Concrete & Abstract Syntax

abstract.svg

<expr> ::= <id> | <expr> ("-" | "*") <expr>

Abstract Syntax in Python

from dataclasses import dataclass

@dataclass
class Expr:
    pass

@dataclass
class Id(Expr):
    name: str

@dataclass
class Binop(Expr):
    op: str
    lhs: Expr
    rhs: Expr

ast = Binop('-', Binop('-', Id('x'), Id('y')), Binop('*', Id('z'), Id('z')))

Dataclasses?

  • New(ish) feature in Python 3.7
  • Automatically generated
    • Constructors
    • Value equality & comparison
    • Pretty printing

Parsing

  • How do we get from syntax to abstract syntax?
  • Lots of options
    • Parser generators (Antlr, Bison, etc.)
    • Recursive descent

Recursive-descent

  • Pros:
    • Used by many real compilers (e.g.

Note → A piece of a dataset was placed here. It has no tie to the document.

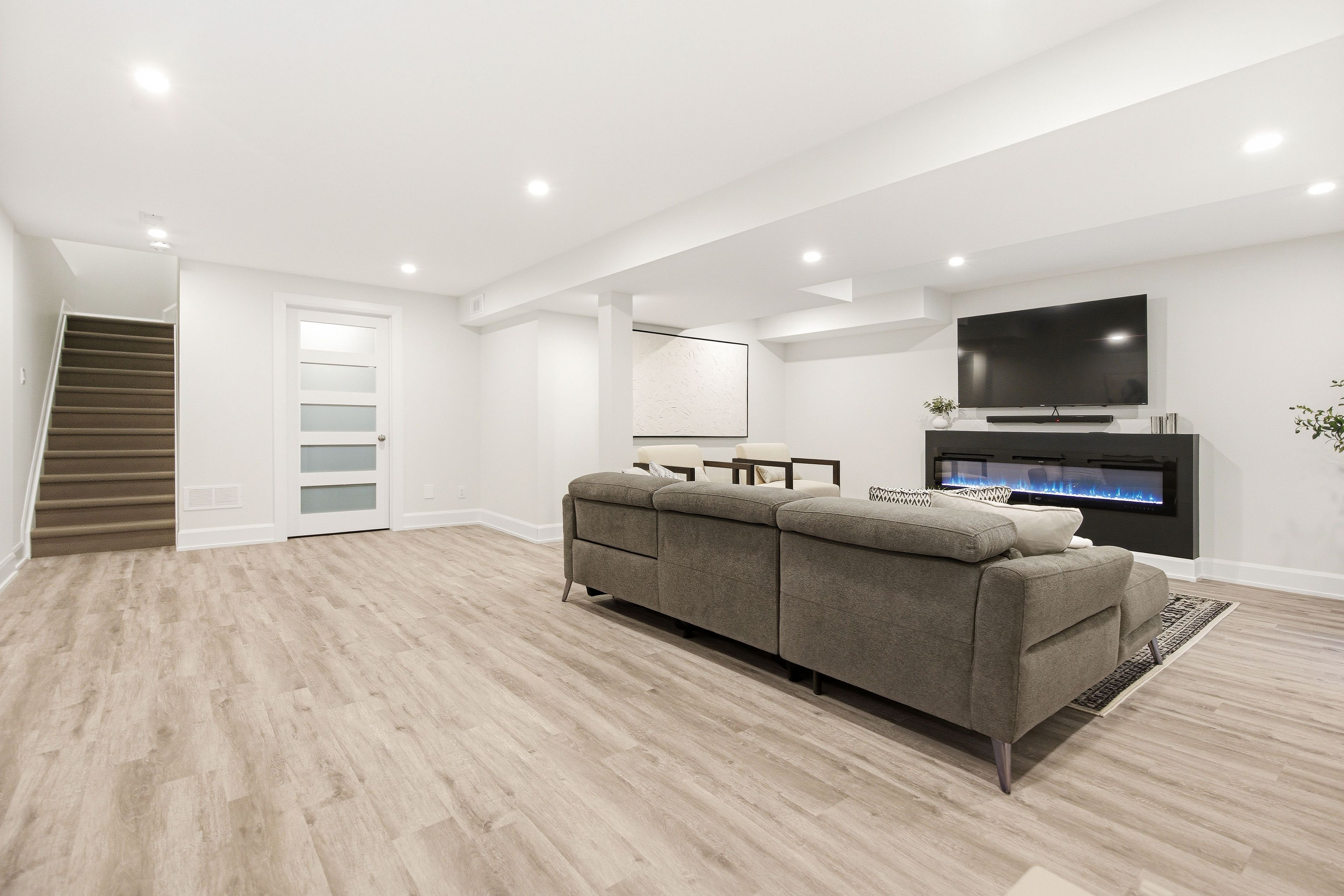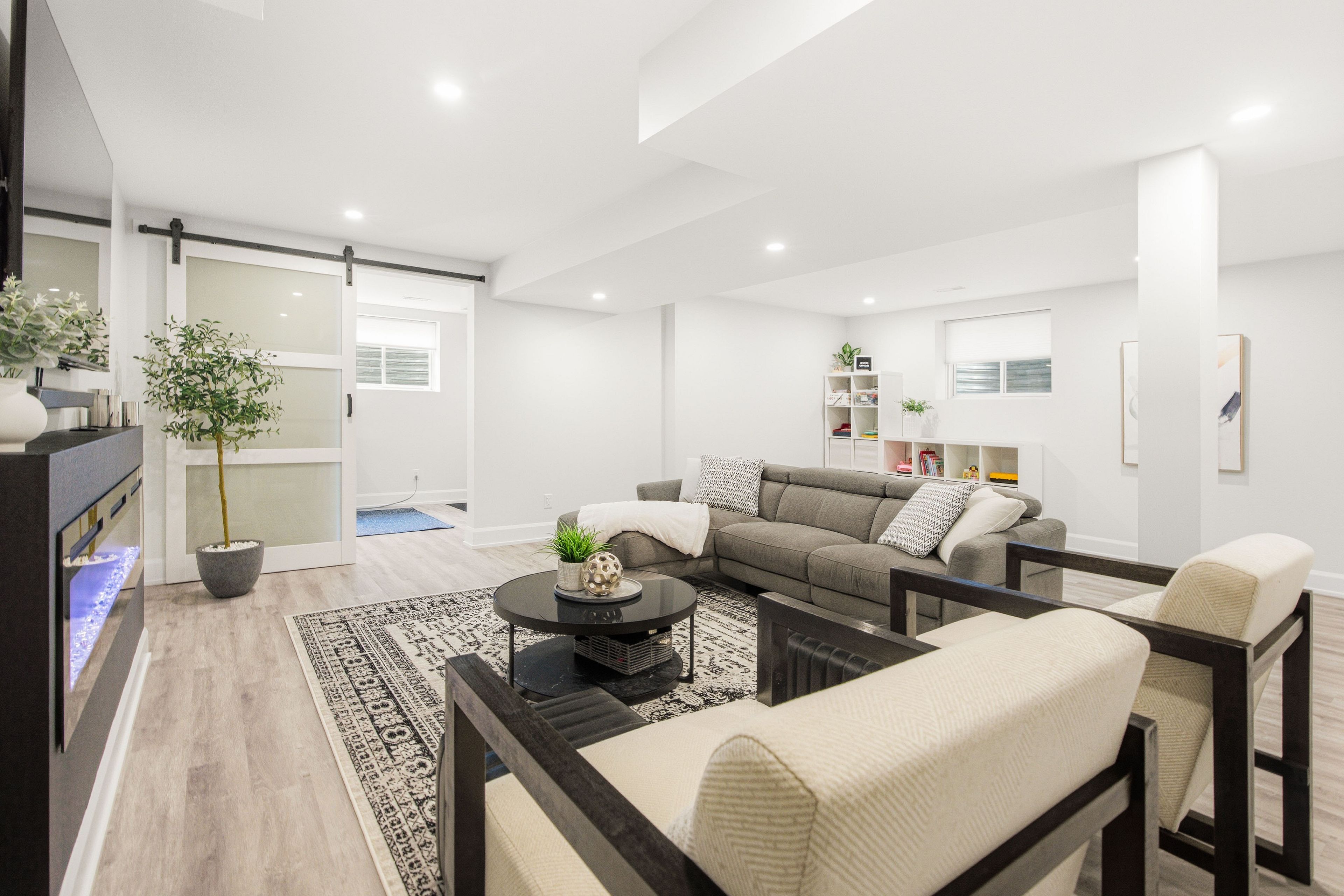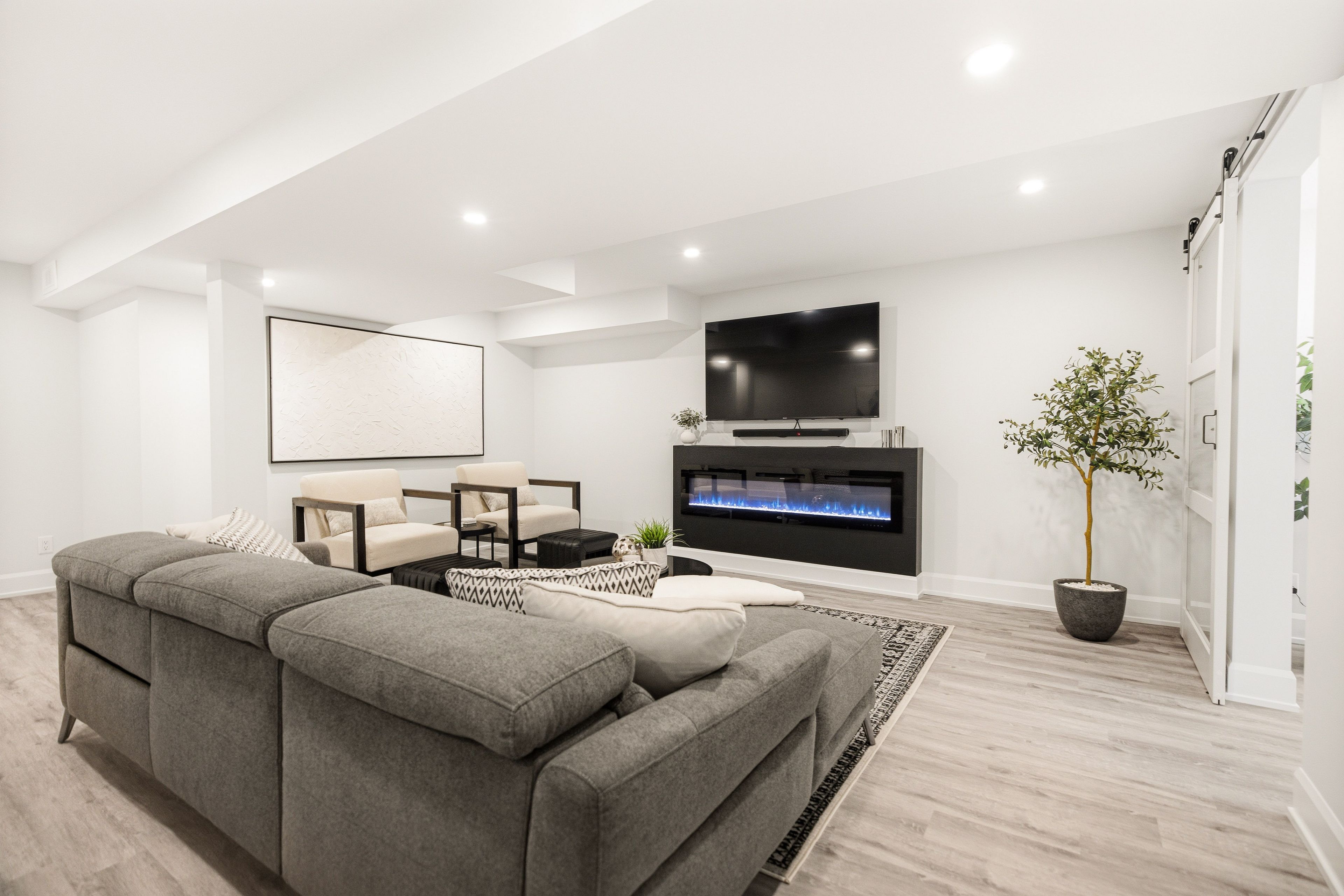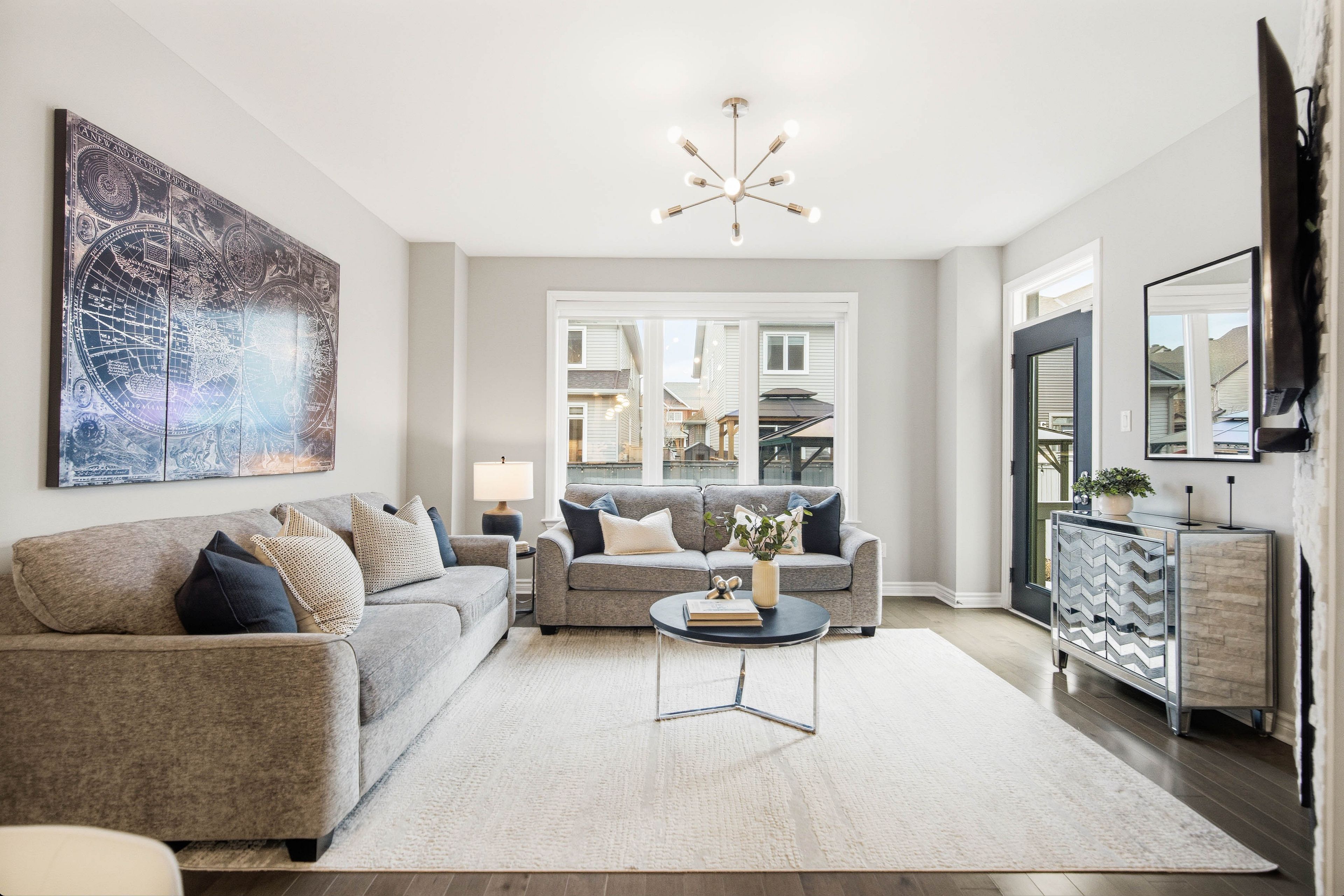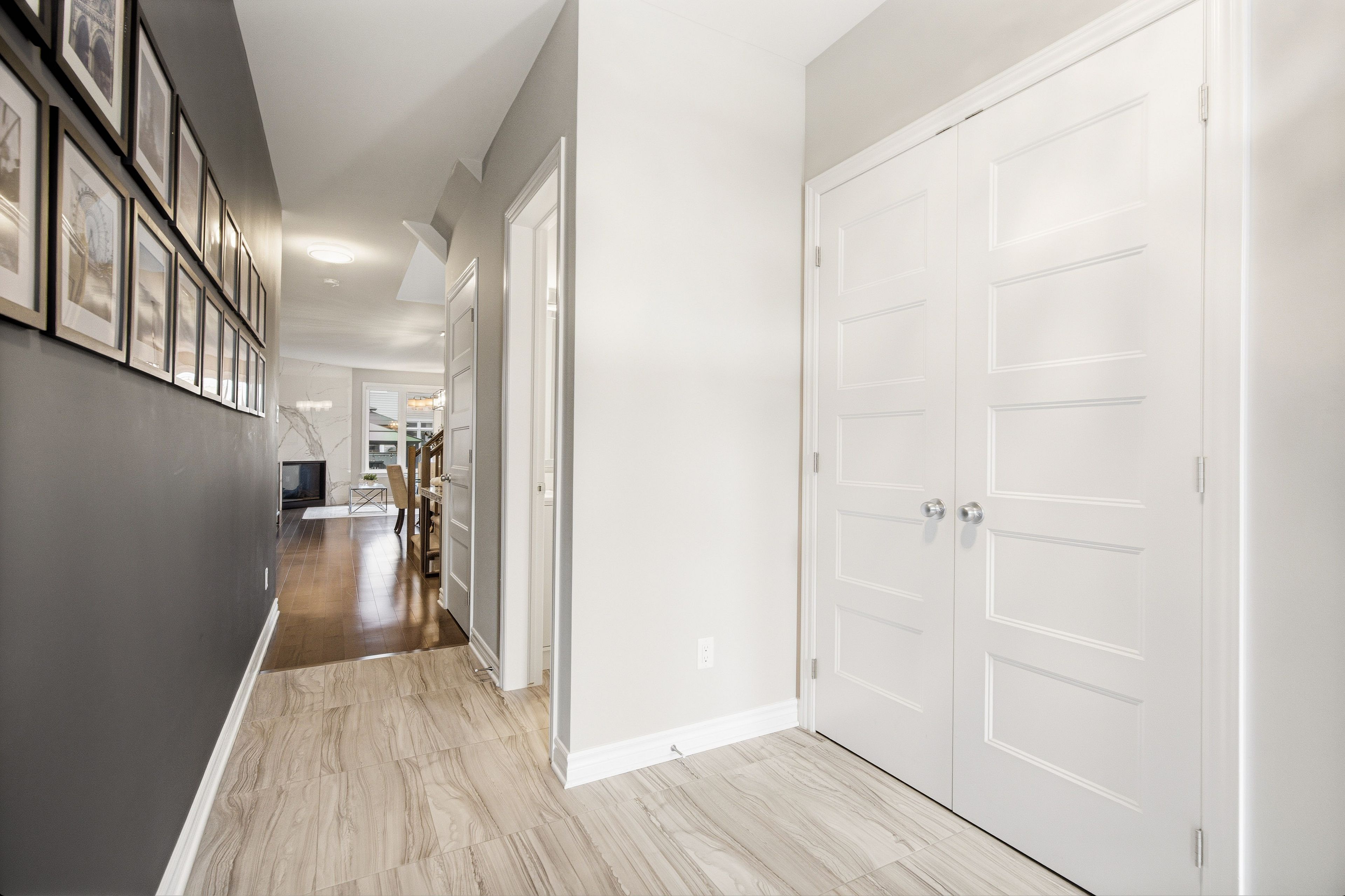 • Two-sided fireplace in the living room creates a cozy atmosphere.

Clang)
    • Relatively simple to write
    • Often easier to handle syntax errors by hand
  • Cons:
    • Strict recursive-descent has issues with left-recursion

Parts of a Recursive-descent Parser

  1. List or stream of tokens.
  2. One function per grammar rule.
    • Responsible for parsing anything that matches that rule.

Recursive-descent Example

class Parser:
    def expr(self):
	# Parse <expr> ::= <expr> "-" <expr1> | <expr1>
	pass

    def expr1(self):
	# Parse <expr1> ::= <expr2> "*" <expr1> | <expr2>
	pass

    def expr2(self):
	# Parse <expr2> ::= <id> | "(" <expr> ")"
	pass

Recursive-descent Example

class Parser:
    def expr2(self):
	# Parse <expr2> ::= <id> | "(" <expr> ")"
	if next_token_is_id():
	    return Id(token)
	elif next_token_is_lparen():
	    # Parse "(" <expr> ")"
	    pass
	else:
	    error()

Recursive-descent Example

class Parser:
    def expr2(self):
	# Parse <expr2> ::= <id> | "(" <expr> ")"
	if next_token_is_id():
	    return Id(token)
	elif next_token_is_lparen():
	    expr = self.expr()
	    assert_next_token_is_rparen()
	    return expr
	else:
	    error()

Recursive-descent Example

class Parser:
    def expr1(self):
	# Parse <expr1> ::= <expr2> "*" <expr1> | <expr2>
	lhs = self.expr2()
	if next_token_is_star():
	    return Binop("*", lhs, self.expr1())
	else:
	    return lhs

Recursive-descent Example

class Parser:
    def expr1(self):
	# Parse <expr1> ::= <expr2> "*" <expr1> | <expr2>
	lhs = self.expr2()
	if next_token_is_star():
	    return Binop("*", lhs, self.expr1())
	else:
	    return lhs
<expr1> ::= <expr2> <expr1-rest>
<expr1-rest> ::= "*" <expr1> | ε

Recursive-descent Example

class Parser:
    def expr(self):
	# Parse <expr> ::= <expr> "-" <expr1> | <expr1>
	lhs = self.expr() # ???

Left-recursion

Direct:

<expr> ::= <expr> "-" <expr1> | <expr1>

Indirect:

<expr1> ::= <expr2> "*" <expr1> | <expr2>
<expr2> ::= <id> | <expr1>

Handling Left-recursion

Convert to iteration:

<expr> ::= <expr1> ("-" <expr1>)*

Recursive-descent Example

class Parser:
    def expr(self):
	# Parse <expr> ::= <expr> ::= <expr1> ("-" <expr1>)*
	exprs = [self.expr1()]
	while next_token_is_dash():
	    exprs.append(self.expr1())

	pass # Process expressions

Processing Expression List

[Id("a")] -> Id("a")

[Id("a"), Id("b")] -> Binop("-", Id("a"), Id("b"))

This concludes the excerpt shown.